Classification is one of the most important and essential processes in many real-world applications such as medical diagnosis, speech recognition, and object recognition. A small error in classification process can have a huge impact (e.g. inaccurate classification of disease can kill a patient, inaccurate classification of objects by a missile control system might miss enemy's aircraft, etc.). However, many large-scale classification tasks involve a large number of features, where existing classification techniques take a long time to train a classifier and achieve poor classification performance. Solving such tasks typically requires feature reduction as a pre-processing step to reduce the dimensionality of the data.

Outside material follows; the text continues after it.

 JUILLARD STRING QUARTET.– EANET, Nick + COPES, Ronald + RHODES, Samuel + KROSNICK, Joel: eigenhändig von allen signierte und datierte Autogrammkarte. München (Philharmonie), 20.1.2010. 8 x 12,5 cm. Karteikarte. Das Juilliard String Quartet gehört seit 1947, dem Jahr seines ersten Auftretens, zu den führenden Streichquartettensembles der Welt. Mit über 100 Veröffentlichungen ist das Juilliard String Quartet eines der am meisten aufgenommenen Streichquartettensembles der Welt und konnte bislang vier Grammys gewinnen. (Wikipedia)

This project focus on developing new feature reduction algorithms based evolutionary computation techniques. The following objectives will be considered in this project (1) develop a new evolutionary feature reduction approach that can quickly select a subset of important features, (2) develop a new evolutionary multi-objective feature reduction approaches incorporating users' preference to minimise both the number of features and the classification error rate, and (3) develop a feature construction algorithm to construct a small set of new high-level features to improve the classification performance. Good programming skills, background in machine learning, particularly evolutionary computation and classification will be useful.

2014: Particle Swarm Optimisation and Statistical Clustering for Feature Selection

Feature selection is an important step in machine learning and data mining tasks, such as classification. Feature selection aims to select a small subset of features from the original large feature set, but it is a difficult task due to the large search space and feature interaction problems. Particle swarm optimisation (PSO) is a powerful search technique and statistical clustering methods can effectively consider feature interaction to group features into different clusters. This project aims to develop a new feature selection approach based on PSO and statistical clustering information. Specifically, this project will focus on (1) develop a new algorithm to select features from different clusters to maximise the classification accuracy, (2) develop a new algorithm to minimise the number of features and simultaneously maximise the classification accuracy based on statistical clustering information, and (3) analysis the interactions between features to further improve the performance. Good programming skills, background and experience in evolutionary computation (e.g. PSO), classification and feature selection will be preferred. This project will be co-supervised with Prof. Mengjie Zhang and Dr Ivy Liu (Statistician).